A little mold on the cotton of your test tube setup should not alarm you so much. When the mold grows to the point that you can no longer see white on the surface of the cotton in your test tube setup, that is when you know it is time to introduce the colony to a clean test tube setup.
How do I move the colony from their test tube into their new formicarium?
This process can happen immediately but it usually requires a few days, to weeks, to months. There are a few ways to do this. If you are using our AC-standard Test Tubes™ and are moving the colony into one of our Hybrid Nests™, you can simply attach the test tube with your ant colony directly to the formicarium. AC-standrard Test Tubes™ come with all of our Hybrid Nests™ and AC Gear Packs™ at our shop.

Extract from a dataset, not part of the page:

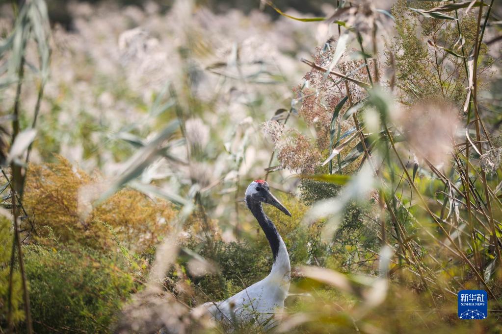 一只丹頂鶴在遼河口國家級自然保護區覓食(2022年9月28日攝)。
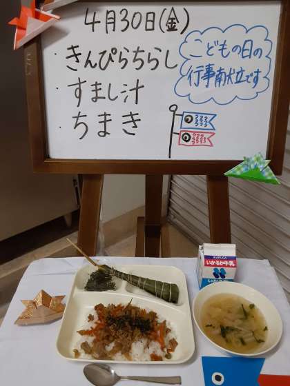 「きんぴらちらし、すまし汁、ちまき」でした。

If not, another way to move ants from their test tube to the formicarium is to place the test tube directly into the outworld and lay the test tube opening close to the opening of the tube that leads to the formicarium. Shining a bright light into test tube from outside the formicarium and covering the nest area so that it is dark can help encourage the ants to move. If the species is a moisture-loving species you can attempt to moisten the nest area. Heating the test tube with a reptile heating cable also can encourage a move, but this can be a little dangerous for the ants if the test tube gets too hot too fast. Only a little amount of heat gradually applied is all that is needed to get them to move. The moving process from test tube to formicarium often requires patience, but in time the ants move out. When they make the move into the formicarium, there will be no more ants or young in the test tube at which point you can remove the test tube and begin rewarding your colony with some food!

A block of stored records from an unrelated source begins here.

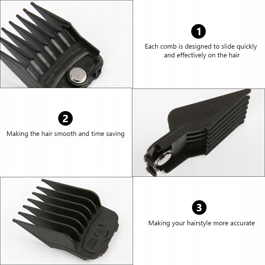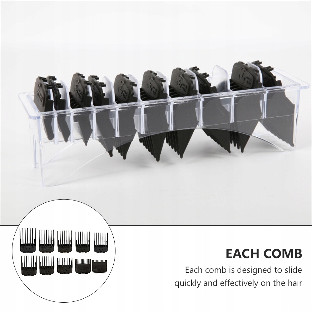 Якщо ви шукаєте гребінець, що веде до вашої машини для відсікання волосся, ви не можете пропустити наші гребінці, що ведуть до машини для відсікання волосся. Виготовлені з пластику, вони є і довговічними. Є 10 розмірів, які відповідають різним потребам. Ви заслуговуєте одного набору.
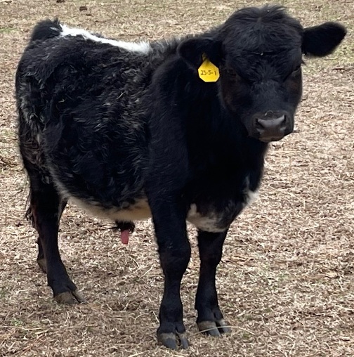 25-O-6 This handsome little lowline cross bull was calved on 1/19/25. His sired by a Willie son named O'malley. We will only have a few calves by O'Malley this year. This little guy should make a nice thick little beef bull. Abby and John, I hope he is great addition to your farm and freezer eventually :)
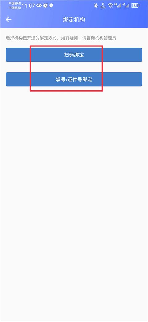 5、最后選擇機(jī)構(gòu)已開通的綁定方式進(jìn)行綁定即可,如有疑問,請(qǐng)咨詢機(jī)構(gòu)管理員。
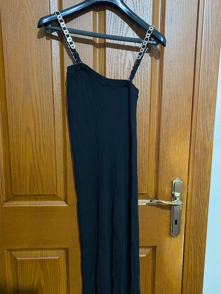 Zincir detaylı askılı, fit kesim siyah uzun elbise. Yumuşak triko kumaştan, günlük şık görünüme uygundur.

How long does it take to farm a big ant colony from a single queen ant?
It depends on the species of ant and factors like warmth and temperature. Ant colonies that are fed well and are kept a few degrees above room temperature develop faster. A quality home is also crucial for the growth rate of a colony. The queen ant’s first worker ants, known as ‘nanitics’, usually arrive a few weeks after a queen is captured and stored, and it takes several months to a year for the colony to have a good number of worker ants. Some ants like those belonging to Camponotus take two months to get from from egg to worker.
Now that you know how to start your ant colony, feel free to read our helpful Ant Care section.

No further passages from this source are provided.